Dataiku and Govern items modifier helpers functions#

Delete all Dataiku artifacts linked to a node id#

When changing or decommissioning a Design, an Automation, or a Deployer node you may want to clean up the synced Dataiku Items coming from the old node. Doing this one-by-one in Govern can be tedious if many items are involved. This helper shows how to:

  • programmatically list Dataiku blueprints,

  • search for artifacts linked to a given node_id, and

  • (optionally) delete them in bulk.

Warning

This operation permanently deletes Govern artifacts. Use dry_run=True first to review what would be removed before executing a real deletion.

Helper function#

The function below:

  • discovers Dataiku blueprints dynamically via client.list_blueprints(),

  • restricts the search to blueprints whose IDs start with bp.system.dataiku_,

  • queries artifacts that also match the provided node_id (case-sensitive), and

  • either returns the list (dry_run=True) or deletes them (dry_run=False).

import dataikuapi
from dataikuapi.govern.artifact_search import (
    GovernArtifactSearchQuery,
    GovernArtifactFilterBlueprints,
    GovernArtifactFilterFieldValue,
)

def delete_dataiku_artifacts_by_node_id(client, node_id, page_size=1000, dry_run=False):
    """
    Delete all Govern artifacts synced from Dataiku (project, dataset, bundles, models, etc.)
    that are linked to the given Dataiku node id.

    Parameters
    ----------
    client : dataikuapi.GovernClient
        An authenticated Govern client.
    node_id : str
        The Dataiku node identifier to match (exact, case-sensitive).
    page_size : int
        Pagination size for the search request.
    dry_run : bool
        If True, nothing is deleted and the matching artifact IDs are returned.

    Returns
    -------
    list[str]
        List of artifact IDs matched (and deleted if dry_run is False).
    """

    # Helper to robustly extract the blueprint id from list items
    def _bp_id(bp):
        raw = bp.get_raw()
        return raw.get("blueprint",{}).get("id")

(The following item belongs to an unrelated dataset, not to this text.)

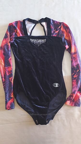 Наши купальники трико для спортивной гимнастики. Все фирменные и качественные, красиво смотрится на выступлениях. Состояние у всех отличное, все стразы на месте. Материал бархат в комбинации с эластиком. Смотрите в моих объявлениях.В данном объявлении представлен черно-красный , с длинным рукавом, на рукавах блёстки. Размер 36 приблизительно на рост 158-164, замеры : диагональ плечо промежность 64см. Длина рукава от плеча 55 см. Цена 250 грн.
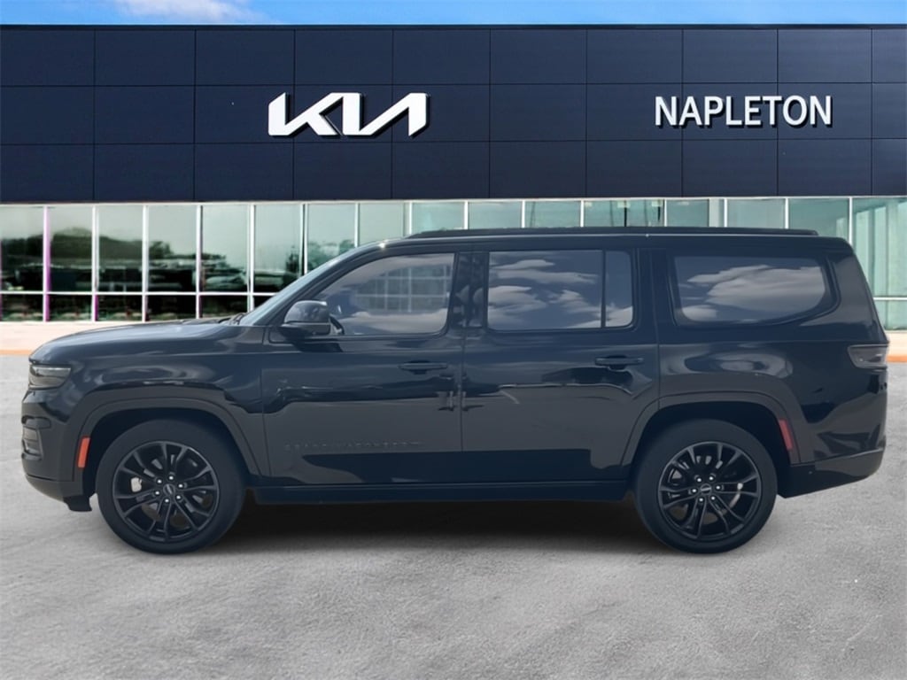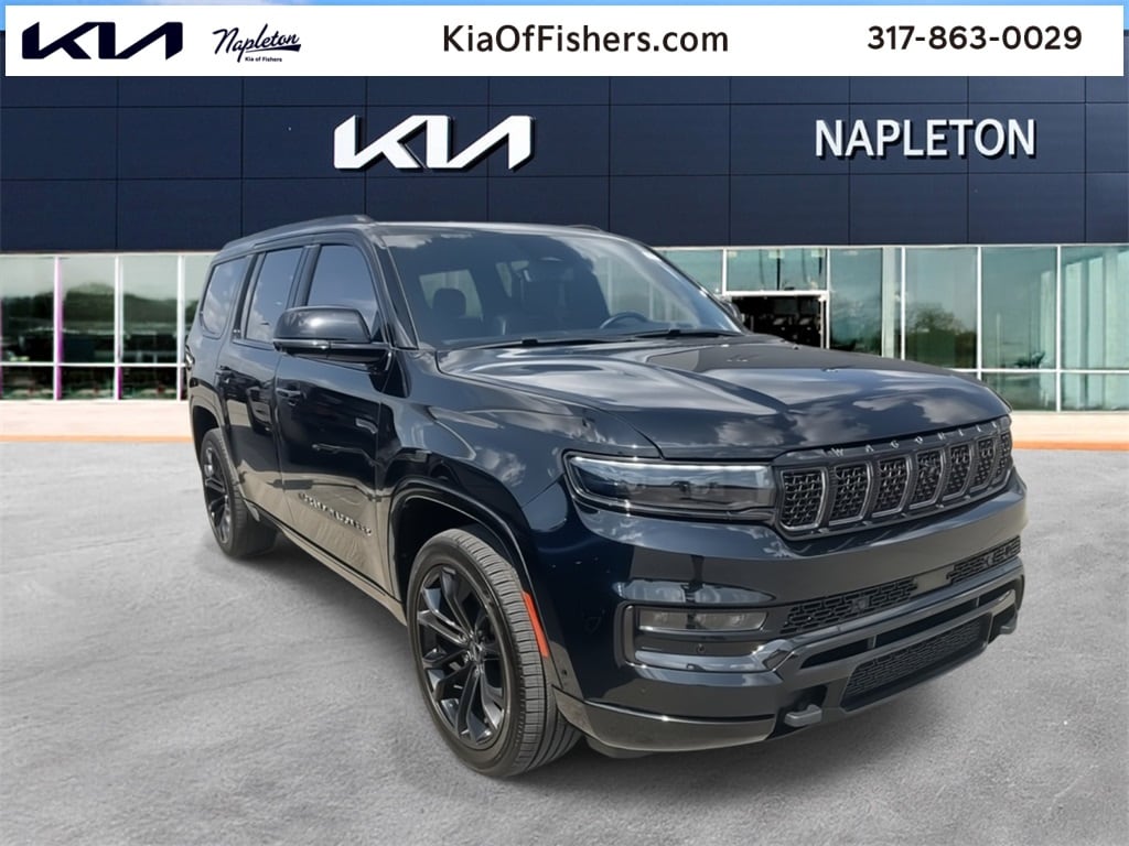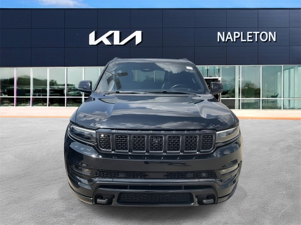 This Grand Wagoneer is well equipped with Convenience Group III (Active Driving Assist System, Advanced Security Alert System, Interior Rear Facing Camera, Intersection Collision Assist System, and Night Vision/Pedestrian-Animal Detection), HD Trailer Tow Package (Heavy-Duty Engine Cooling, Removable Rear Tow Hook, Trailer Brake Control, Trailer Hitch Line-Up Assist, and Trailer Hitch Zoom), Obsidian Appearance Package, Quick Order Package 23T Obsidian (23 Speaker McIntosh Reference Audio System, Adjustable Roof Rail Crossbars, Black Interior Accents, Black Roof, Cargo Cover, Front Console Cooler, Front Passenger Interactive Display, Gloss Black Upper & Lower DLO Molding, Piano Black Exterior Accents, Premium Tinted Glass, Ventilated Rear Seats, and Wheels: 22" x 9.0" Tinted Polished w/Black Insert), Rear Seat Video Group 1 (Amazon Fire TV Built-In, Seatback Video Screens, and Video USB Port), Two Tone Paint Group, Grand Wagoneer Series II, 4D Sport Utility, 6.4L V8, 8-Speed Automatic, 4WD, Diamond Black Crystal Pearlcoat, Global Black w/Premium Leather Trimmed Bucket Seats, Navigation System, Power Liftgate, Power moonroof, 19 Speakers, 3.92 Rear Axle Ratio, 3rd row seats: bench, 4-Wheel Disc Brakes, ABS brakes, Adjustable pedals, Air Conditioning, Alloy wheels, AM/FM radio: SiriusXM with 360L, Anti-whiplash front head restraints, Audio memory, Auto High-beam Headlights, Auto-dimming door mirrors, Auto-dimming Rear-View mirror, Auto-leveling suspension, Automatic temperature control, Brake assist, Bumpers: body-color, Compass, Delay-off headlights, Driver door bin, Driver vanity mirror, Driver's Seat Mounted Armrest, Dual front impact airbags, Dual front side impact airbags, Electronic Stability Control, Four wheel independent suspension, Front anti-roll bar, Front Bucket Seats, Front Center Armrest w/Storage, Front dual zone A/C, Front fog lights, Front reading lights, Fully automatic headlights, Garage door transmitter, Genuine wood console insert, Genuine wood dashboard insert, Genuine wood door panel insert, Heads-Up Display, Heated door mirrors, Heated front seats, Heated rear seats, Heated steering wheel, Illuminated entry, Knee airbag, Leather steering wheel, Leather Trimmed Bucket Seats, Low tire pressure warning, Memory seat, Normal Duty Suspension, Occupant sensing airbag, Outside temperature display, Overhead airbag, Overhead console, Panic alarm, Passenger door bin, Passenger seat mounted armrest, Passenger vanity mirror, Pedal memory, Power adjustable front head restraints, Power door mirrors, Power driver seat, Power passenger seat, Power steering, Power windows, Radio data system, Radio: Uconnect 5 Nav w/12.0" Display, Rain sensing wipers, Rear

    # Discover Dataiku system blueprints dynamically
    dataiku_bp_ids = []
    blueprints = client.list_blueprints()
    for bp in blueprints:
        raw = bp.get_raw()
        bp_id = raw.get("blueprint", {}).get("id", "")
        if bp_id.startswith("bp.system.dataiku_"):
            dataiku_bp_ids.append(bp_id)


    if not dataiku_bp_ids:
        print("No Dataiku blueprints found; nothing to do.")
        return []

    # Build the artifact search
    query = GovernArtifactSearchQuery(artifact_filters=[
        GovernArtifactFilterBlueprints(blueprint_ids=dataiku_bp_ids),
        GovernArtifactFilterFieldValue(
            "EQUALS", field_id="node_id", condition=node_id, case_sensitive=True
        ),
    ])
    request = client.new_artifact_search_request(query)

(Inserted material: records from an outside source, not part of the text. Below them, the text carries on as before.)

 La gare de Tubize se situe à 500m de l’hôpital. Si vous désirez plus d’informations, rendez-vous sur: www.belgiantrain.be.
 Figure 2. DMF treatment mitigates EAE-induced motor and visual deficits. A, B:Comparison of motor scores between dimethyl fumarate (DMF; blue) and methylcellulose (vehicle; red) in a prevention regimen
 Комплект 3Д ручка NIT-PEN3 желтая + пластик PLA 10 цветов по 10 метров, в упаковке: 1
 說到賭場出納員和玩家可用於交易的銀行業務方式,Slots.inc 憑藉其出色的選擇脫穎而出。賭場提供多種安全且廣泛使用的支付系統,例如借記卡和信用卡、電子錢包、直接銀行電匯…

    # Collect matching artifact ids
    artifact_ids = []
    has_next = True
    while has_next:
        raw = request.fetch_next_batch(page_size=page_size).get_raw()
        has_next = raw.get("hasNextPage", False)
        for ui in raw.get("uiArtifacts", []):
            artifact_ids.append(ui["artifact"]["id"])

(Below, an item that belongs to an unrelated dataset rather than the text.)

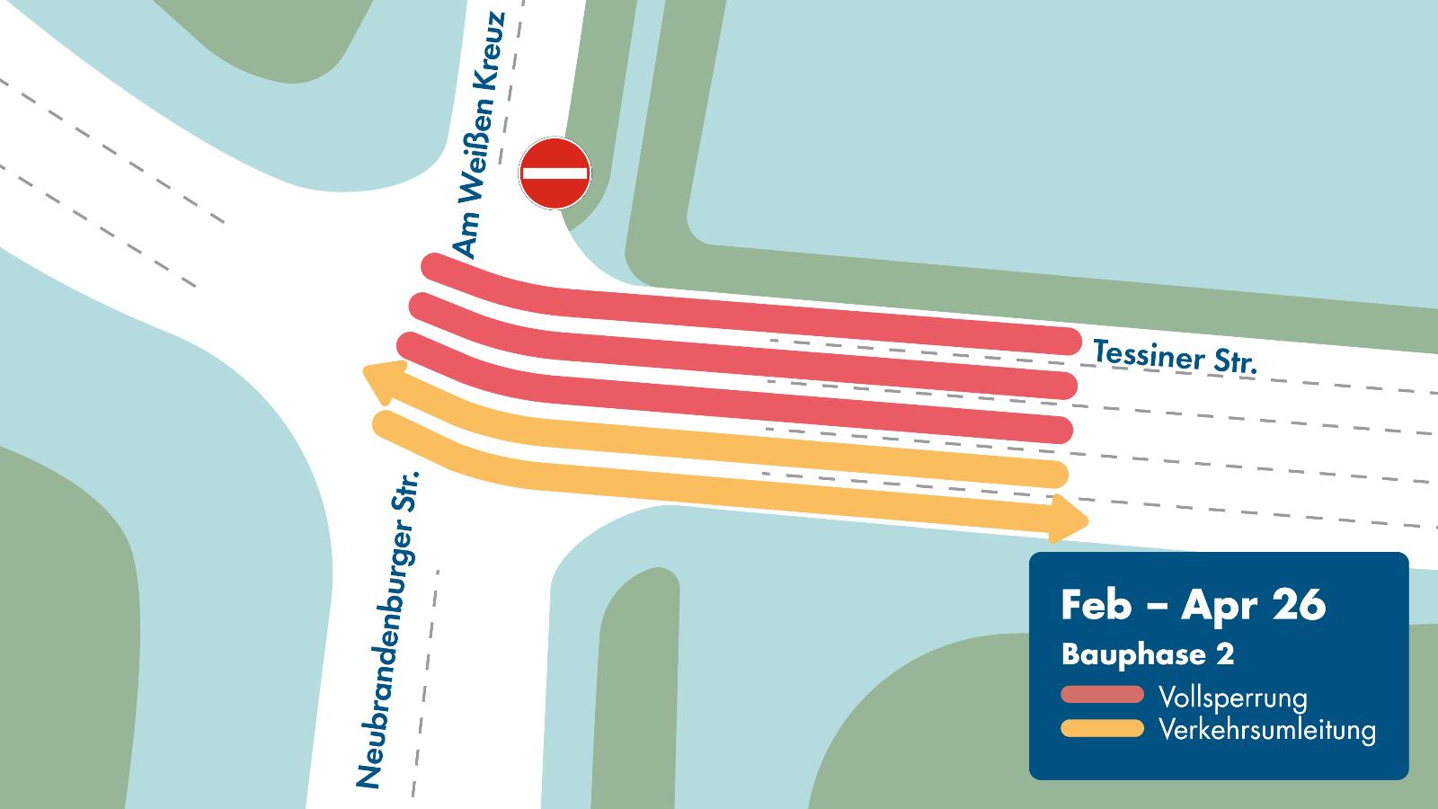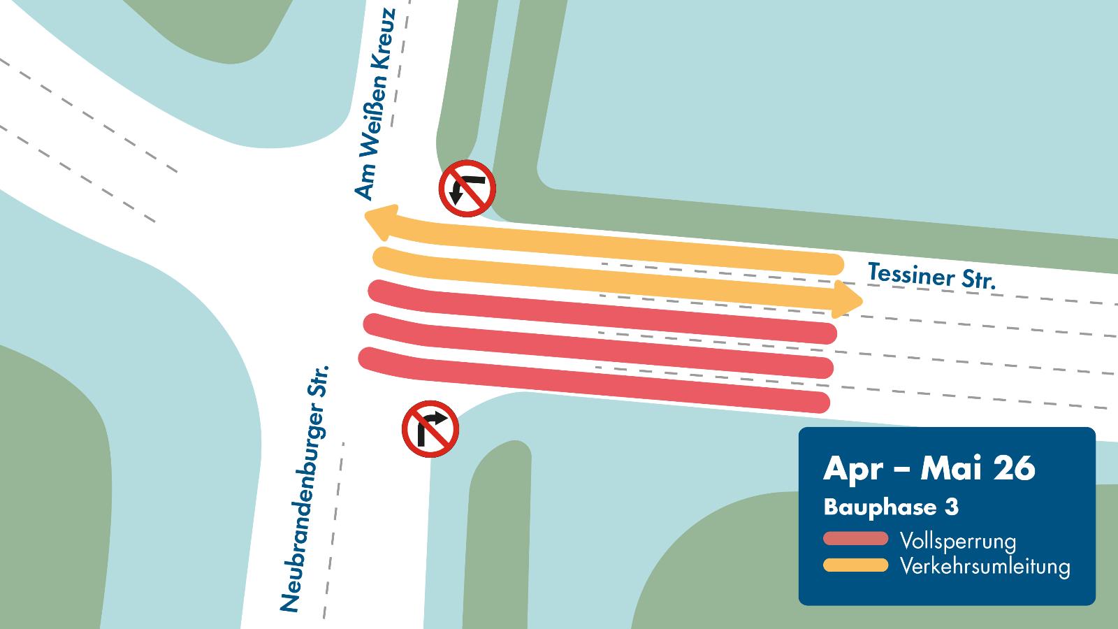 - Wegfall der Linksabbiegespur von der Tessiner Straße in die Neubrandenburger Straße

    print(f"Matched {len(artifact_ids)} artifact(s).")

    if dry_run:
        # Only preview; do not delete
        return artifact_ids

    # Delete artifacts
    for aid in artifact_ids:
        print(f"Deleting artifact {aid} …")
        client.get_artifact(aid).delete()

    print(f"Deleted {len(artifact_ids)} artifact(s).")
    return artifact_ids

Usage examples#

import os
import dataikuapi

govern_url = os.environ["GOVERN_URL"]
govern_token = os.environ["GOVERN_TOKEN"]

client = dataikuapi.GovernClient(host=govern_url, api_key=govern_token)

# Preview what would be deleted
to_delete = delete_dataiku_artifacts_by_node_id(client, node_id="dss1", dry_run=True)
print(to_delete)

# Proceed with deletion
delete_dataiku_artifacts_by_node_id(client, node_id="dss1", dry_run=False)